Lu Hsueh-Ju, Su Chun-Wen, Su Shih-Chi, Chang Lun-Ching, Wu Ming-Fang, Lin Chiao-Wen, Yang Shun-Fa
Division of Hematology and Oncology, Department of Internal Medicine, Chung Shan Medical University Hospital, Taichung, Taiwan.
School of Medicine, Chung Shan Medical University, Taichung, Taiwan.
Oral Dis. 2025 Mar;31(3):769-781. doi: 10.1111/odi.15124. Epub 2024 Sep 17.
Identifying the drive genes and inhibiting their significant signals were persistently the main concepts in cancer treatment. However, for oral cavity squamous cell carcinoma (OCSCC), the most influential genes for overall survival (OS) remain unclear.
A total of 120 OCSCC patients with corresponding pathologic specimens were collected in Taiwan. Whole-exome sequencing was done and the prognostic impact of each gene was analyzed. TCGA database was used to validate.
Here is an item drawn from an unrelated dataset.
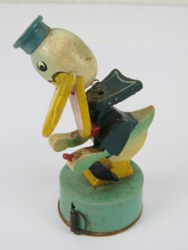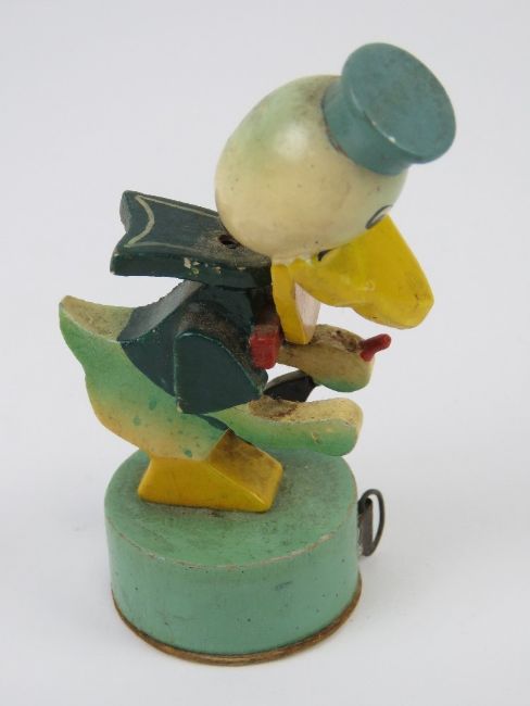 Sewing ephemera; A vintage fabric retractable tape measure in wooden casing in the form of a duck with sprung neck (possibly styled on Donald Duck), standing approx 9cm high.

The incidences of caspase-8 mutation were 22.1% and 10.9% in the Taiwan and TCGA cohort, respectively. In the Taiwan cohort, caspase-8 mutation was the most significant independent for OS with an adjusted hazard ratio (HR) ([95% CI]: 3.83 [1.84-7.99]). It was validated by the TCGA database (HR [95% CI]: 1.51 [1.00-2.29]). The 5-year OSs of the patients with or without caspase-8 mutation were 38.1% vs. 75.3% (p < 0.001) (HR [95% CI]: 3.264 [1.645-6.438]) in the Taiwan cohort, and 26.1% vs. 49.0% (p = 0.048) (1.513 [1.001-2.288]) in the TCGA cohorts, respectively. Caspase-8 mutation was also individually associated with poor prognosis for TNM stage I/II/III/IV, respectively. CASP8 R127* and R494*, defined as pathogenic mutations in ClinVar, were presented in both cohorts.
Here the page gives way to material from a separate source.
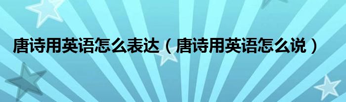 大家好,我是小科,我来为大家解答以上问题。唐诗用英语怎么表达,唐诗用英语怎么说很多人还不知道,现在让我们一起来看看吧!

Caspase-8 mutation was the most significant genetic alteration impacting prognosis.
识别驱动基因并抑制其重要信号一直是癌症治疗的主要理念。然而,对于口腔鳞状细胞癌(OCSCC),对总生存期(OS)最具影响的基因仍不清楚。
在台湾收集了120例伴有相应病理标本的OCSCC患者。进行了全外显子组测序,并分析了每个基因的预后影响。使用TCGA数据库进行验证。
台湾队列和TCGA队列中半胱天冬酶-8突变的发生率分别为22.1%和10.9%。在台湾队列中,半胱天冬酶-8突变是OS最显著的独立因素,调整后的风险比(HR)([95%CI]:3.83[1.84 - 7.99])。经TCGA数据库验证(HR[95%CI]:1.51[1.00 - 2.29])。台湾队列中,有或无半胱天冬酶-8突变患者的5年总生存率分别为38.1%对75.3%(p < 0.001)(HR[95%CI]:3.264[1.645 - 6.438]),TCGA队列中分别为26.1%对49.0%(p = 0.048)(1.513[1.001 - 2.288])。半胱天冬酶-8突变也分别与TNM I/II/III/IV期的不良预后单独相关。两个队列中均出现了ClinVar中定义为致病突变 的CASP8 R127和R494。
半胱天冬酶-8突变是影响预后最显著的基因改变。